The invention of the computer is one of the most technical inventions throughout
history. As what was shared by the reporters last time, the first computer was as
huge as a room then as it evolved through time, it became smaller and smaller. And
today, in our generation we have the laptops, the netbooks, the tablets, and even
our handy smartphones. Aside from that, the cost of such computers also evolved.
The oldest ones were the most expensive and recent ones were the less expensive.

We are truly blessed today. The ancient people who started the invention of the
computers were so awesome! They placed their hearts and lives in the discovery of
such device. They were truly amazing! Our lives today are much more convenient
because of the invention of the computers. As a teacher, work has become less, the
preparation of the IM has become easier, the reports and other visuals needed in
the classroom structuring has become much easier to accomplish. The students
today present their reports in an easier way. I still could remember my high school
days when the computers were scarce, we had to do more hand work. Researching
for information on our topics will confine us to the libraries for hours and would
even take days to accomplish just to search for right books as resources. But today,
it only need one touch to google whatever inquiry that we need. Moreover, the
bookings during travels only need minutes by the use of smartphones. The
hospitals have also benefited a lot. Computerized instruments have contributed a
lot to save lives. Transportations today especially in the developed countries are
computer operated. Computers are everywhere. It seems that we will be
handicapped without it. Oh how it greatly helped us and affect our daily lives!
However, my greatest concern nowadays is the invention of the Artificial
Intelligences or the AIs. Somehow I feel weird about it. Questions like, what will
people do when we will be surrounded by these AIs? It seems to me that the time
will come that we will be very dependent on them. There was one video that I saw
on youtube where a certain store uses AIs to do the manual labor of men and the
inventor said that one day, people will no longer do the cashiering in the stores
because they will be replaced by AIs. It seems fascinating to hear at first but it
makes me feel worried because if that will be the case, what will the human beings
do. What if someday, we will be totally replaced by the AIs?

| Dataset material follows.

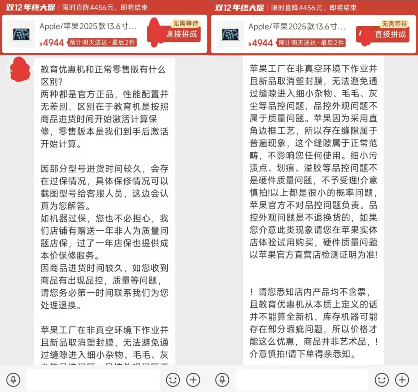 这种就属于比较恶劣的行为了。小雷遇到的所谓「教育优惠机」M4 MacBook Air, 在前台被「包装」成与普通零售机型无异,只有到了客服环节才给告知。

Humans are amazingly made by God. We are capable of inventing something

wonderful. We must ponder, that yes, the Lord has given us the free will to decide
on what we need to decide with the life that he gave us. I think we should take time
to think about the motives that we have in our hearts before we do something
whether in little things or in great things. Why are we doing such thing? Is it out of
need or greed? After all these amazing, fascinating, and awesome inventions I still
would want to end in prayer and ask for guidance to the author of our lives, the
creator of all things, the beginning and the end and say, thy will be done dear Lord!